Start of Supplied data

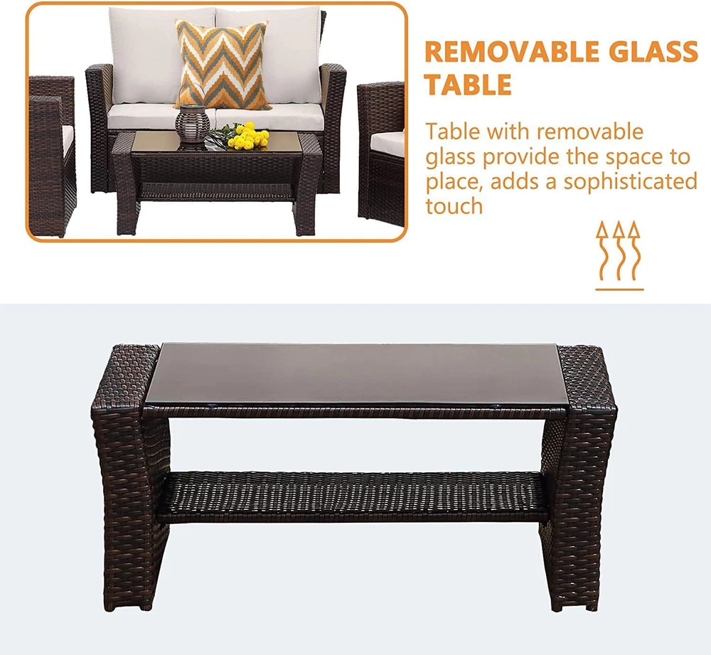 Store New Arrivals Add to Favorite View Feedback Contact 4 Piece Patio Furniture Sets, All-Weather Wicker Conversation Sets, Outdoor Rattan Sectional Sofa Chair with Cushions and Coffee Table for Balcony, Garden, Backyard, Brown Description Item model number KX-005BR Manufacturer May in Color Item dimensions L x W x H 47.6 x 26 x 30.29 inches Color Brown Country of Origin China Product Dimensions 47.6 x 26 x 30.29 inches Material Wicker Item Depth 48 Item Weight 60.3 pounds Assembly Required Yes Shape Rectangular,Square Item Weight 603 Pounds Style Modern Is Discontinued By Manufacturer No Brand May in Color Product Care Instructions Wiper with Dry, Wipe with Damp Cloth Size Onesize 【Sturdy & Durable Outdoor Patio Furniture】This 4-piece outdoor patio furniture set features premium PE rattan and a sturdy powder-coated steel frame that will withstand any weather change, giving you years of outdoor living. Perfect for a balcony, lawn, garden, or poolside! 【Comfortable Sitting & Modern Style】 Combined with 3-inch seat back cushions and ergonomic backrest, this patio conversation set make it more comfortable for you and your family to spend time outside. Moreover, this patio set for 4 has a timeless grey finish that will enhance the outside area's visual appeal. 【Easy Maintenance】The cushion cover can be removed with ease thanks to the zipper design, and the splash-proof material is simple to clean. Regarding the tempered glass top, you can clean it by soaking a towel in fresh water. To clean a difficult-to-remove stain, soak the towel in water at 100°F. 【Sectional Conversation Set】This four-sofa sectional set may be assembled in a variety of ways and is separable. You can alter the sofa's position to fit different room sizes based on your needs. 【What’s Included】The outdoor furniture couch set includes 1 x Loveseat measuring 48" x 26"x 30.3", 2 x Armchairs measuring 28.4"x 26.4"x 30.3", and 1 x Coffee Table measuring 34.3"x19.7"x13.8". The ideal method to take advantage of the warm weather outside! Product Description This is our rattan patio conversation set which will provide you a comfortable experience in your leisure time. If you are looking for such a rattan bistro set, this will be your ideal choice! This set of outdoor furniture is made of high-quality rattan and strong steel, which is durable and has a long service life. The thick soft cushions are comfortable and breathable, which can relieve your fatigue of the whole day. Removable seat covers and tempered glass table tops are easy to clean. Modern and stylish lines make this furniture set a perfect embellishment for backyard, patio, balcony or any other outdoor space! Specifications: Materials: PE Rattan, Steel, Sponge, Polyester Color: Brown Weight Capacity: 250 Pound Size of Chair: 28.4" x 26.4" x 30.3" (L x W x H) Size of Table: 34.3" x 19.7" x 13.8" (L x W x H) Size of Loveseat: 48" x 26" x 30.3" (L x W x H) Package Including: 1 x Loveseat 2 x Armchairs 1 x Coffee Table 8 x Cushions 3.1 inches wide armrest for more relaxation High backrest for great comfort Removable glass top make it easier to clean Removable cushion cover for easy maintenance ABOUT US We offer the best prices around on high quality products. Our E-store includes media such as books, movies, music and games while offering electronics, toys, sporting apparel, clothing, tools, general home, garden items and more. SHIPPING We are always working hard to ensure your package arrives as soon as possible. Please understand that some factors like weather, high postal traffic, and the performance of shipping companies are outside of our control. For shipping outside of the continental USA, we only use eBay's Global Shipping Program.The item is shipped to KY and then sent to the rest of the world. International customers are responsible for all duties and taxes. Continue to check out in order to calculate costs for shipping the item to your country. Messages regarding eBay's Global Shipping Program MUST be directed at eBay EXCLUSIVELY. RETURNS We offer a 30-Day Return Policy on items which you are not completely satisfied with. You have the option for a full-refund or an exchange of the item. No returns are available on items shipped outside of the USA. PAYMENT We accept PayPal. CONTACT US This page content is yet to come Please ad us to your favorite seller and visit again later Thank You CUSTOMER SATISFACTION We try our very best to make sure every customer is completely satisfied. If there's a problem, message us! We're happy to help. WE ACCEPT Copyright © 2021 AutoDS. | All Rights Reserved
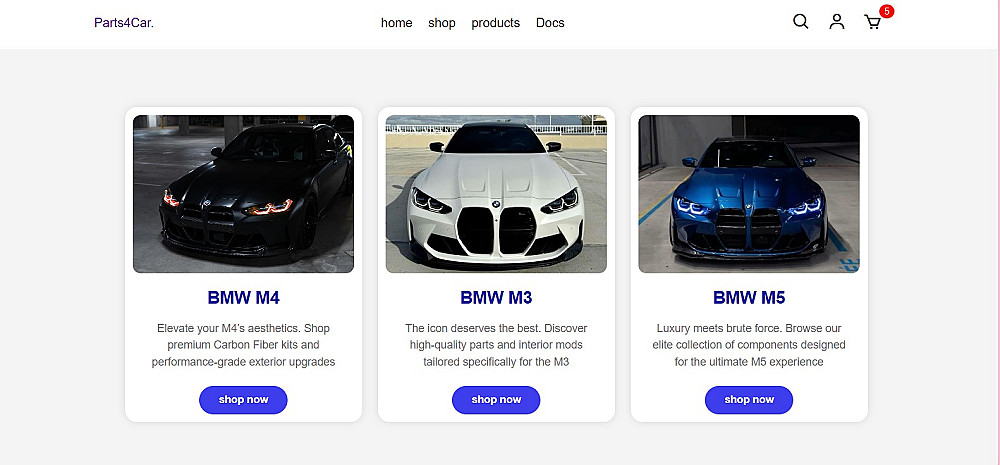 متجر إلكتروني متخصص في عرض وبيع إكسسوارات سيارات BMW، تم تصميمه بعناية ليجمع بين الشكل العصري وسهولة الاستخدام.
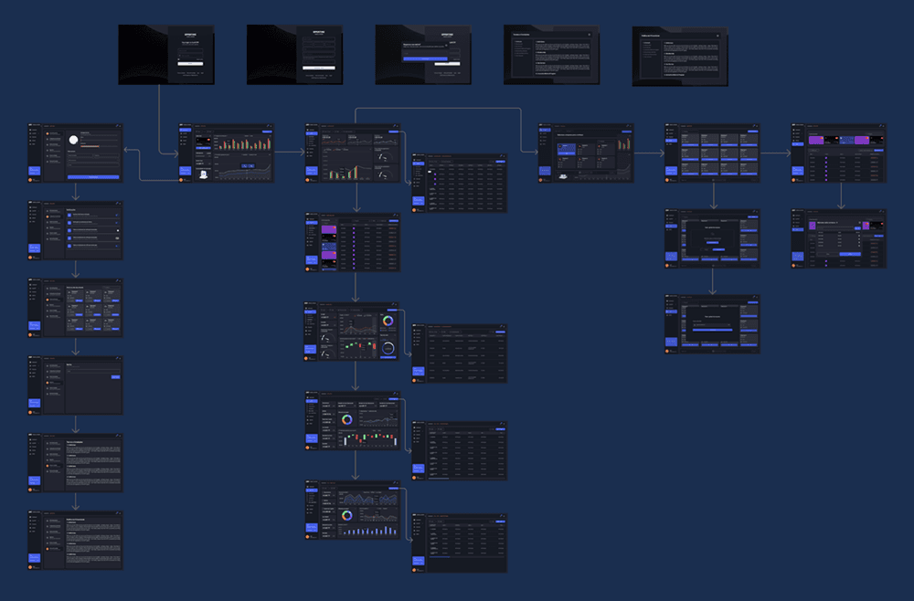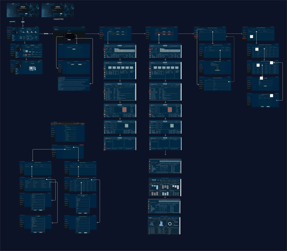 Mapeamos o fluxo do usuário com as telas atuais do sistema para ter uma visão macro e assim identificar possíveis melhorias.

End of Supplied data

**Work item**
Could you print the whole listing again, exactly, leaving the pictures out?

**Solution to this exercise**
 Store New Arrivals Add to Favorite View Feedback Contact 4 Piece Patio Furniture Sets, All-Weather Wicker Conversation Sets, Outdoor Rattan Sectional Sofa Chair with Cushions and Coffee Table for Balcony, Garden, Backyard, Brown Description Item model number KX-005BR Manufacturer May in Color Item dimensions L x W x H 47.6 x 26 x 30.29 inches Color Brown Country of Origin China Product Dimensions 47.6 x 26 x 30.29 inches Material Wicker Item Depth 48 Item Weight 60.3 pounds Assembly Required Yes Shape Rectangular,Square Item Weight 603 Pounds Style Modern Is Discontinued By Manufacturer No Brand May in Color Product Care Instructions Wiper with Dry, Wipe with Damp Cloth Size Onesize 【Sturdy & Durable Outdoor Patio Furniture】This 4-piece outdoor patio furniture set features premium PE rattan and a sturdy powder-coated steel frame that will withstand any weather change, giving you years of outdoor living. Perfect for a balcony, lawn, garden, or poolside! 【Comfortable Sitting & Modern Style】 Combined with 3-inch seat back cushions and ergonomic backrest, this patio conversation set make it more comfortable for you and your family to spend time outside. Moreover, this patio set for 4 has a timeless grey finish that will enhance the outside area's visual appeal. 【Easy Maintenance】The cushion cover can be removed with ease thanks to the zipper design, and the splash-proof material is simple to clean. Regarding the tempered glass top, you can clean it by soaking a towel in fresh water. To clean a difficult-to-remove stain, soak the towel in water at 100°F. 【Sectional Conversation Set】This four-sofa sectional set may be assembled in a variety of ways and is separable. You can alter the sofa's position to fit different room sizes based on your needs. 【What’s Included】The outdoor furniture couch set includes 1 x Loveseat measuring 48" x 26"x 30.3", 2 x Armchairs measuring 28.4"x 26.4"x 30.3", and 1 x Coffee Table measuring 34.3"x19.7"x13.8". The ideal method to take advantage of the warm weather outside! Product Description This is our rattan patio conversation set which will provide you a comfortable experience in your leisure time. If you are looking for such a rattan bistro set, this will be your ideal choice! This set of outdoor furniture is made of high-quality rattan and strong steel, which is durable and has a long service life. The thick soft cushions are comfortable and breathable, which can relieve your fatigue of the whole day. Removable seat covers and tempered glass table tops are easy to clean. Modern and stylish lines make this furniture set a perfect embellishment for backyard, patio, balcony or any other outdoor space! Specifications: Materials: PE Rattan, Steel, Sponge, Polyester Color: Brown Weight Capacity: 250 Pound Size of Chair: 28.4" x 26.4" x 30.3" (L x W x H) Size of Table: 34.3" x 19.7" x 13.8" (L x W x H) Size of Loveseat: 48" x 26" x 30.3" (L x W x H) Package Including: 1 x Loveseat 2 x Armchairs 1 x Coffee Table 8 x Cushions 3.1 inches wide armrest for more relaxation High backrest for great comfort Removable glass top make it easier to clean Removable cushion cover for easy maintenance ABOUT US We offer the best prices around on high quality products. Our E-store includes media such as books, movies, music and games while offering electronics, toys, sporting apparel, clothing, tools, general home, garden items and more. SHIPPING We are always working hard to ensure your package arrives as soon as possible. Please understand that some factors like weather, high postal traffic, and the performance of shipping companies are outside of our control. For shipping outside of the continental USA, we only use eBay's Global Shipping Program.The item is shipped to KY and then sent to the rest of the world. International customers are responsible for all duties and taxes. Continue to check out in order to calculate costs for shipping the item to your country. Messages regarding eBay's Global Shipping Program MUST be directed at eBay EXCLUSIVELY. RETURNS We offer a 30-Day Return Policy on items which you are not completely satisfied with. You have the option for a full-refund or an exchange of the item. No returns are available on items shipped outside of the USA. PAYMENT We accept PayPal. CONTACT US This page content is yet to come Please ad us to your favorite seller and visit again later Thank You CUSTOMER SATISFACTION We try our very best to make sure every customer is completely satisfied. If there's a problem, message us! We're happy to help. WE ACCEPT Copyright © 2021 AutoDS. | All Rights Reserved
 متجر إلكتروني متخصص في عرض وبيع إكسسوارات سيارات BMW، تم تصميمه بعناية ليجمع بين الشكل العصري وسهولة الاستخدام.
 Mapeamos o fluxo do usuário com as telas atuais do sistema para ter uma visão macro e assim identificar possíveis melhorias.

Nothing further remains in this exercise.